3. The main output is the file [`ToDynare.mat`], which is used as input in all dynamic simulations.
4. A secondary output is the file [`ToDynare_Reiter.mat`], which is used for the comparison with the Reiter's method.


## Dynamics

We compute the model dynamics for three shocks. We also compare the truncation method to the Reiter one.

1. Public spending shock: the files are in the folder [`/simulation_opti_G/`].
2. TFP shock: the files are in the folder [`/simulation_opti_Z/`].
3. Discount factor shock: the files are in the folder [`/simulation_opti_beta/`].
4. The comparison with Reiter is in the folder [`/Comparison_trunc_Reiter/`].



### Public spending shock
We detail the case of the  public spending shocks, the other cases are similar.

All files are located in the folder [`/simulation_opti_G/`].

1. The main file is [**/simulation_opti_G/write_dynare_opti.m**](./simulation_opti_G/write_dynare_opti.m), which simulates the dynamics of the Ramsey solution in the heterogeneous-agent economy.
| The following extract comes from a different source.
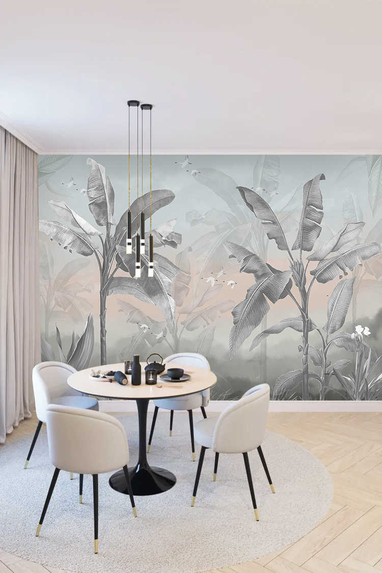 Grayscale Tropikal Palmiye Duvar Kağıdı

    a. It simulates the optimal dynamics  for a value of the shock persistence  of [`rho_u=0.1`] (for instance). This is a Matlab file that writes and launches a Dynare file. 

    b. The value of [`rho_u`] can be changed at the beginning of the file.

    c. It saves the results in the file [`fig_opti0.1.mat`] (if rho_u=0.1).


2. A  second file is [**/simulation_opti_G/write_dynare_FB.m**](./simulation_opti_G/write_dynare_FB.m) simulates the dynamics of the Ramsey solution in the corresponding  representative-agent economy. The three steps are the same as in the heterogeneous-agent economy.  The results are saved in a file [`fig_opti0.1FB.mat`] (if rho_u=0.1).

3. The three figures of the papers are plotted using the following files.

    a. The file [**/simulation_opti_G/do_figure_opti.m**](./simulation_opti_G/do_figure_opti.m) plots the IRFs for the HA case. This is  Figure 1 in the paper.

    b. The file [**/simulation_opti_G/do_figure_opti_FB.m**](./simulation_opti_G/do_figure_opti_FB.m) plots the IRFs for the HA case together with the first-best case. This is Figure 2 in the paper.

    c. The file [**/simulation_opti_G/do_figure_debt_multi.m**](./simulation_opti_G/do_debt_multi.m) plots the IRFs for public debt for the HA case, for different values of the persistence of the shock. This is the Figure 3 in the paper.

### Other shocks

The files in the two other folders (for the two other shocks) are the same and have the same names.